Blog Post

Could Yap Be The Next Big Speech Recognition Player?

The speech recognition field has quietly gotten a little more crowded. Yap, a Charlotte, N.C.-based startup, today said it has been tapped to power Microsoft’s (s msft) Talk-to-Text mobile application, which Sprint (s s) offers to BlackBerry users. The app uses Yap’s web-based speech recognition technology to automatically transcribe users’ spoken words into texts and e-mails, much like services such as Vlingo.

Yap pocketed $6.5 million in a Series A round led by SunBridge Partners two years ago, and several months ago it replaced SpinVox as Cincinnati Bell’s voicemail-to-text service provider. Cincinnati Bell’s move was something of a shot across the bow of SpinVox parent Nuance (s nuan), which last week pulled the plug on SpinVox’s consumer service to focus more intensely on its carrier business.

Microsoft’s decision to license Yap’s  speech recognition technology instead of using its own is interesting considering the software behemoth bought its way onto the field three years ago with the acquisition of Tellme Networks for a reported $800 million. But it’s a clear sign that a legitimate new player has joined the giants — Microsoft, Google (s goog) and Nuance — in the speech recognition world.

Related content from GigOM Pro (sub req’d):

How Speech Technologies Will Transform Mobile Use

Image courtesy Flickr user DJOtaku.

5 Responses to “Could Yap Be The Next Big Speech Recognition Player?”

  1. Steve Kauffman

    Maybe I’m crazy. I am not a tech person;but everything I’ve seen,including Vlingo is like a toy compared to Nuance. There is no ulterior motive here. Has any independent research company compared these products. It just doesn’t seem close.

    • Steve, you have to carefully set up an apples-to-apples comparison. Think of three categories of speech-recognition applications:

      1. Speaker dependent, with high quality audio (PC based dictation, like Dragon NaturallySpeaking)
      2. Speaker dependent, with noisy audio (Smartphone applications)
      3. Speaker independent, with noisy audio (Voicemail transcription for cloud-based telephony)

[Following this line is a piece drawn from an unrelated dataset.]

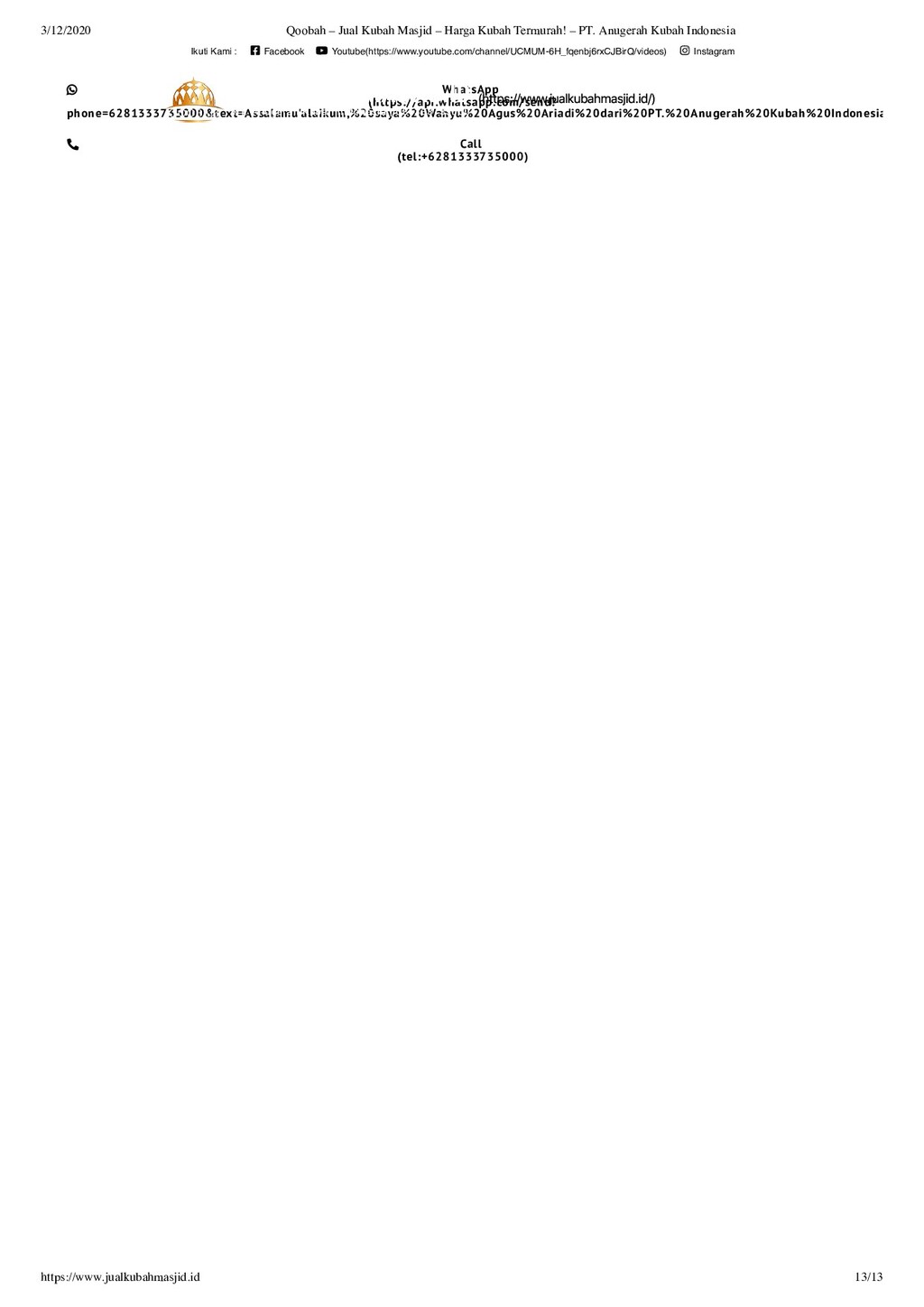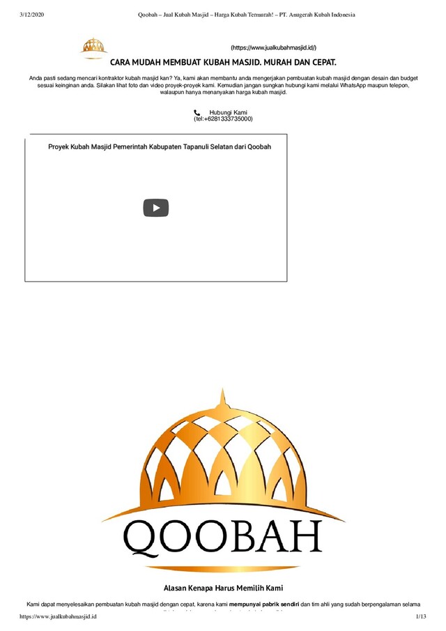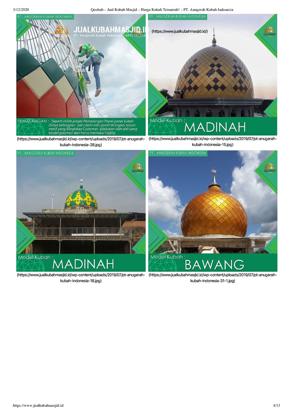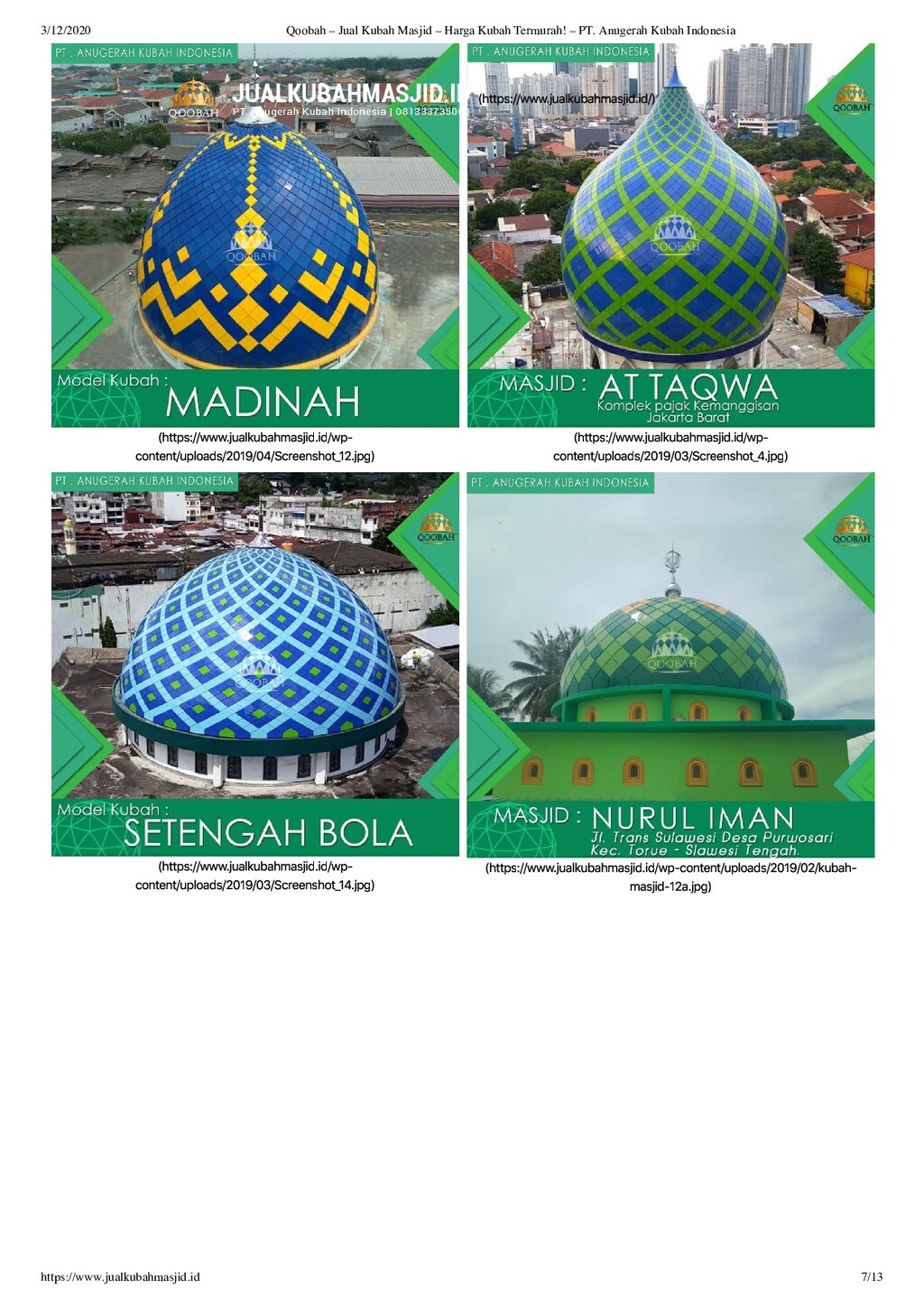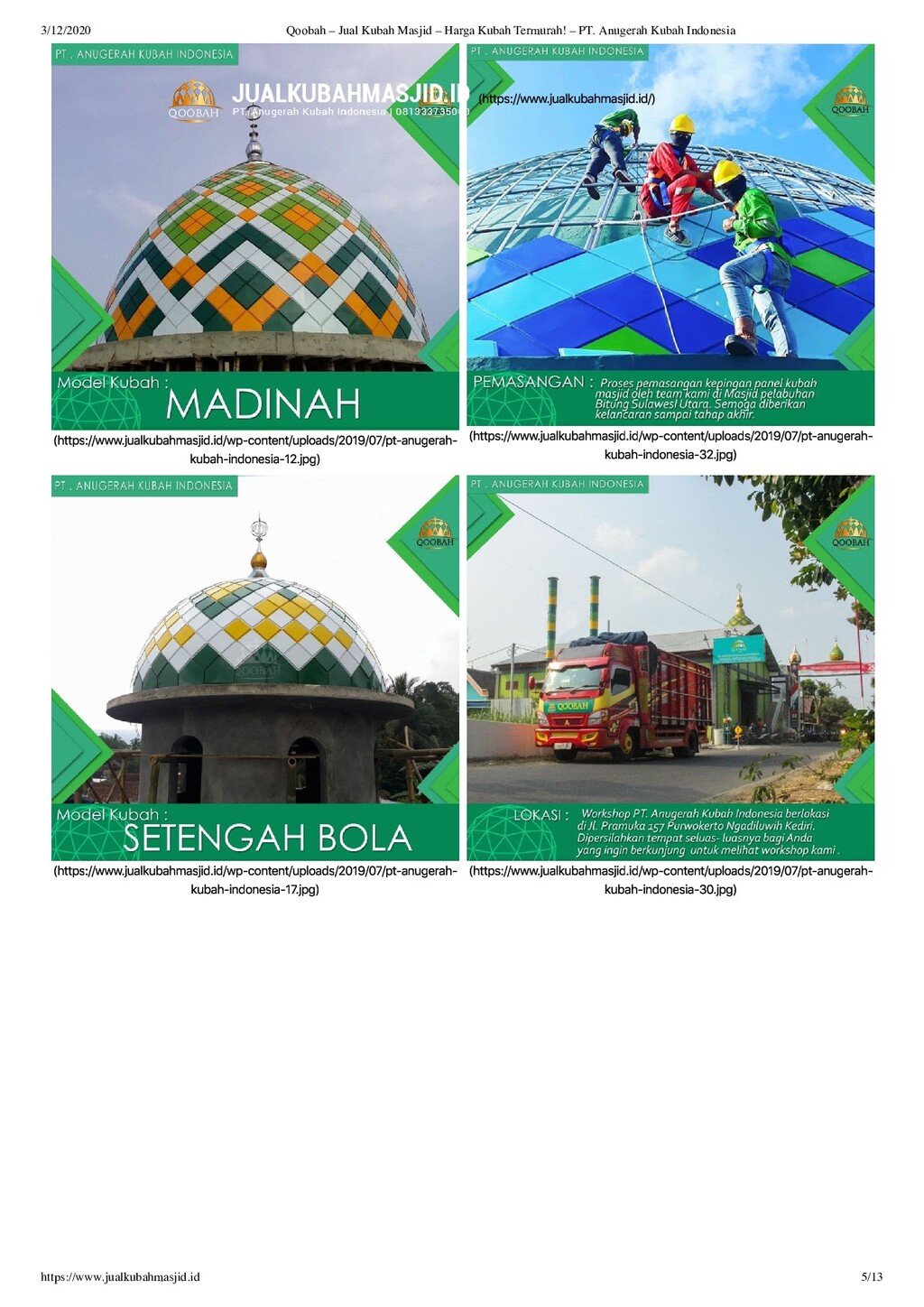 PT Anugerah Kubah Masjid memiliki brand Qoobah, adalah kontraktor kubah masjid terbaik di Indonesia. Lokasi pabrik kubah masjid kami berada di Jl. Pramuka 161, Ds. Purwokerto, Kec. Ngadiluwih, Kab. Kediri, Jawa Timur, Indonesia. Harga kubah masjid yang kami tawarkan sangat bersaing dan tentu berkualitas. Produk-produk kami yaitu Kubah Enamel, Kubah Masjid Galvalum, Kubah ACP, dan Kubah Masjid GRC dapat dilihat di sini.

      Category 3 is the most challenging, and Yap compares quite favorably with larger players here. For that category, we (MyCaption) have been using Yap technology for almost a year now. We have seen impressive improvement in their accuracy.

      Speech recognition is far from perfect, and yes, we do end up using human editors to bridge the accuracy gap. But I am optimistic about the future of this technology in general, and of Yap in particular.